Cheat Engine Forum Index Cheat Engine
The Official Site of Cheat Engine
 
 FAQFAQ   SearchSearch   MemberlistMemberlist   UsergroupsUsergroups   RegisterRegister 
 ProfileProfile   Log in to check your private messagesLog in to check your private messages   Log inLog in 


Solving Substitution Ciphers, Manual versus Semi-Automated

 
Post new topic   Reply to topic    Cheat Engine Forum Index -> General programming -> Crackmes
View previous topic :: View next topic  
Author Message
thenicelordj
Cheater
Reputation: 0

Joined: 24 Mar 2007
Posts: 48
Location: I'm in your VCR

PostPosted: Thu May 15, 2008 6:23 am    Post subject: Solving Substitution Ciphers, Manual versus Semi-Automated Reply with quote

Semi-automated cracking of monoalphabetic and polyalphabetic substitution ciphers

Since a few of the 'crackme' challenges in this topic have been based upon substitution ciphers I thought I'd spend a little time to cover a cracking strategy that seems to elude most people. What I present here is a method of breaking substitution ciphers in any language or format without the usual human approach... that is, without guessing at the likely sequences which help determine the plaintext.

First though, some examples of the classical approach...


Example 1, Monoalphabet with spaces preserved

In a Monoalphabetic substitution cipher you have an alphabet used for the plaintext (For example A-Z). Thus all plaintext messages are expressed in this alphabet. In the example given (uppercase letters) the following is a valid message :

I AM GOING TO THE SHOPS

Now, we choose 26 symbols that will form the encrypted text. It is important to note that the symbols are not always chosen from the same alphabet. Usually though, they are just a rearrangement of the initial alphabet, like this...

CODE
Plain Message : [ABCDEFGHIJKLMNOPQRSTUVWXYZ]
Crypt Message : [FQRPTLVDWYHZIJSKMXNOAUBGCE]

Thus the message [I AM GOING TO THE SHOPS]
becomes [W FI VSWJV OS ODT NDSKN]


Now the usual approach 'frequency distribution' won't work too well.

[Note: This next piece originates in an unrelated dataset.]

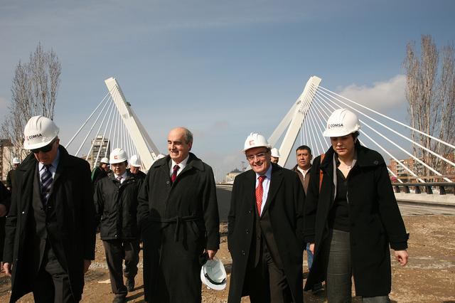L’alcalde de Lleida, Àngel Ros, acompanyat de l’enginyer navarrès autor del projecte, Javier Manterola, i de la primera tinent d’alcalde, Marta Camps, ha visitat aquest dijous els treballs d’asfaltatge que s’estan duent a terme al pont de Príncep de Viana. Les obres del pont entren en la seva final un cop la nova infraestructura ja llueix la seva forma definitiva, després de la col•locació i d’haver tensat els 60 tirants que el sustenten i el tauler del pont ja es mantingui pels cables que conformen els tirants, prescindint de les piles provisionals que es van construir per aguantar el pont mentre es realitzaven les obres del viaducte.

Basically, the principle that E is the most common letter in english text breaks down because the sample is not representative. There is only one E. There are three O's though, so we're already starting badly by mistaking O's for E's The next most common letter in english test is 'T', but as you see here this is ambiguous as T, S and even G have 2 letters. Still, this is enough to guess that ODT might mean THE and thus make a guess at the true symbol for 'E'

But lets put frequency distribution approaches aside for a moment, just realise that frequency distribution will only get you a few characters at best and requires careful application to avoid the 'E/O' problem we encountered above. Ultimately, whatever the results of frequency analysis give us, we must eventually solve this as a logic problem.

Of course, we have a LOT of clues, firstly the spaces are preserved, so we immediately can guess that the lone 'W' represents either an I or an A. We also know that 'OS' represents an 'is, am, it, an, or, be, to, etc...' ... experience tells us that ODT is probably 'and' or 'the', but could also be 'but', 'our'.

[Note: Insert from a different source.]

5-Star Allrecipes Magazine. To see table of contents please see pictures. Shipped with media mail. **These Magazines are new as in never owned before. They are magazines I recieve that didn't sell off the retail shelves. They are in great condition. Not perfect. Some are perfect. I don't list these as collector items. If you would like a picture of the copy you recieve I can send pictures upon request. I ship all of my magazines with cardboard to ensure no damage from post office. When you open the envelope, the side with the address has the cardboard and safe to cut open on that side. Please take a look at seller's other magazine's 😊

What do we see in 'OS ODT' well, the initial letter is the same.

So, 'to the' and 'on our' seem very likely, 'be bad' is a less likely possibility... 'an ass' is obviously ruled out because of the double s... etc...

Continuing with this thinking, and testing various possibilities we eventually get to a point where we can solve the problem. Essentially we are playing a variation of the childrens game 'hangman'. Trying to guess at the gaps by seeing patterns in structure and a few available letters.

After a few minutes we will probably get to the solution.


Example 2, Monoalphabetic with spaces encrypted

Lets say that instead of using 26 symbols in our alphabetic substitution cipher we choose 27. The new one is the space character itself.

CODE
Plain Message : [ABCDEFGHIJKLMNOPQRSTUVWXYZ ]
Crypt Message : [FERPTLVDWYHZIJ SKMXNOAUBGCQ]

Thus the message [I AM GOING TO THE SHOPS]
becomes [WQFIQV WJVQN QNDTQXD SH]


This hides a lot of the clues. The initial approach would probably have the frequency distribution approach misinterpret Q (the spaces) for the letter E or T. In the logic phase they would probably assert that SH is 'it' because of its relationship to the larger preceeding word and the fact that it occurs at the end of the message (maeaning that 'is', 'as', 'am', etc... would be dangling, and thus gramatically unlikely)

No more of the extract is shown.